# Summons following road traffic accident.



## Red2 (1 Jul 2009)

Hi All,I've been summoned to go to court for driving without due care and attention,and am anxious to know what penalty I can expect.

I was turning right from minor to major road,stationary position with my right indicator on,as traffic was coming from left.On the right in the distance I noticed a motorbike coming.By the time my left was clear,the bike coming from my right was closer.It had its left indicator on and was coming slowly but had not commenced the left turn.I started to turn and the motorcyclist braked,skidded and collided with my car.I discovered subsequently that he had forgotten to turn off his indicator following a left turn he made onto the major road and intended going straight on.

He was injured(minor injuries) and taken to hospital.
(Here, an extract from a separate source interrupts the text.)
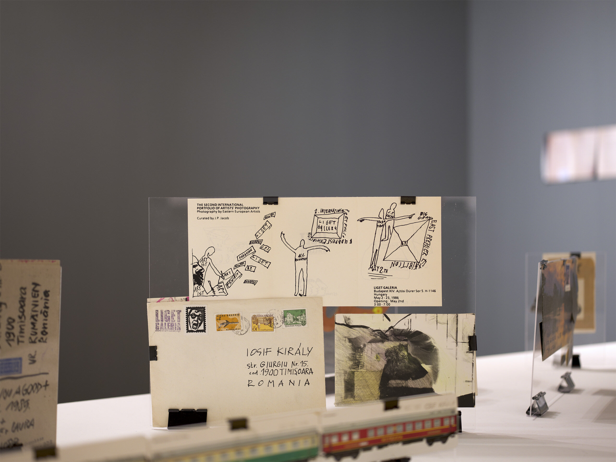 Ca să ne apropiem de formatul expoziției, am ținut la două idei pe care Ioji le-a acceptat. Am vrut ca la etajul doi, arta poștală să fie în cabinetul din spatele sălii, format din pereții existenți. Eu îi zic cabinet, e un spațiu foarte clar delimitat și mi s-a părut că acolo trebuie să expunem arta poștală pentru că nu avea rost să o dispersăm în restul spațiului. Iar a doua sau poate prima premisă de la care am plecat a fost un dialog explicit între fotografia care devine „tablou”, de format mare, înrămată, și fotografia de laborator, de format mai mic, care e peste tot în vitrinele care populează cele trei săli. În egală măsură am vrut ca perioada de tinerețe, cea constructivistă, care stă clar sub semnul experimentelor făcute cu profesorii lui, membrii grupului Sigma, să fie evidențiată, pentru că mi se pare că merita și era foarte coerent să o punem separat. Astfel, una dintre sălile laterale ale expoziției e dedicată aproape exclusiv acestei perioade, printr-un un dialog între obiecte (și ele de două feluri, cele făcute în epocă și obiectele care au fost refăcute foarte recent pentru expoziție), fotografii și desene; acestea din urmă mi se par foarte spectaculoase și – din cât am putut să-mi dau seama până acum după mai multe vizite ghidate – constituie o surpriză pentru cei mai mulți vizitatori. Mail-art-ul probabil că este elementul cel mai spectaculos din expoziție, pentru că readuce în atenție ce a însemnat arta poștală, ce eficacetate a avut. Și aici Ioji e foarte explicit în textele lui, el spune foarte limpede cum arta poștală a fost pentru el o gură de aer proaspăt și un soi de unică posibilitate de a avea contact cu „lumea liberă”; ca să-l citez exact „implicarea în mișcarea internațională de mail-art este cea care mi se părea că îmi va marca viitorul în cea mai mare măsură. M-a ajutat să lucrez cu fotografia și cu imaginea, în general, într-un mod foarte dezinvolt și dezinhibat de constrângerile tehnice.” De fapt, Ioji ajunge la fotografie în primul rând pentru că trebuia să documenteze ceea ce era perisabil sau prea puțin cunoscut, tot ce înseamnă acțiuni, instalații, etc, sau ca să fie activ în mail-art, care „m-a învățat ce este rețeaua, care sunt avantajele și limitele comunicării astfel încât pot spune că m-a pregătit pentru epoca internetului în care aveam să pătrund treptat de la mijlocul anilor ’90. Mai presus de orice, m-a învățat să fiu conectat, să fiu perfomativ, mi-a întărit spiritul colaborativ.” Este o mărturie pe care am ținut să o includ în textul de sală; mi se pare că o cheie a expoziției pe care am vrut s-o ilustrez prin intermediul operelor este alianța dintre fotografie și celelalte medii practicate de Kiraly și care împreună reflectă ceea ce aș numi profesiunea de credință a artistului: activarea memoriei prin intermediul imaginilor. De fapt el asta face, a ajuns să facă fotografie ca să documenteze ceva, după care a ajuns să facă fotografie pur și simplu și aici intră de fapt acea dimensiune tehnică, foarte importantă. Este clar că fotografia a fost mijlocul ideal pentru el în care a putut să se exprime, pentru că e vorba de fotografie cu expuneri multiple, fotografie pe care intervine cu creion, cu acuarelă, cu tempera, cu guașă. E o alianță foarte interesantă, care dă și prețiozitate și dimensiune haptică fotografiei. Pe de altă parte, sper, expoziția restituie felul în care el documentează realitatea, mai ales după 1990 (un afiș electoral peste care se suprapune altceva, Papa Ioan Paul al II-lea în vizită la București, patriarhul Teoctist în diverse conjuncturi, oamenii străzii, câinii care populau Bucureștiul, apoi trenul, imagine care revine recurent, care trimite la ideea de călătorie, la felul în care se călătorea în anii ’90).

This happened in an urban area and I had 2 penalty points on my licence for speeding which came off my licence 3 months after the accident.
Anyone know what I should expect please as someone told me I could be disqualified!!! Thanks.


----------



## JonG (1 Jul 2009)

From [broken link removed]
looks like 5 points added to your license.


----------



## j26 (1 Jul 2009)

While I have some sympathy for you, as a biker I do hope you are penalised harshly for this.  I presume that at the very least your insurance has sorted out repairs and medical bills etc for the poor biker.

You were aware that a bike was coming and yet you still pulled into his path?  That's ludicrous driving, and imo goes beyond careless, verging on dangerous.  *Bikes (motorised or pedal) are vulnerable road users* - it is your duty to pay particular attention to them on the road.  We don't have the protection you do in your shiny metal box, and rely on you doing your job properly to survive on a daily basis.  I'm sure we've all seen the ads telling bikers to slow down, but the ad doesn't mention that in the vast majority of motorcycle fatalities involving a collision with a car, it's the cars fault.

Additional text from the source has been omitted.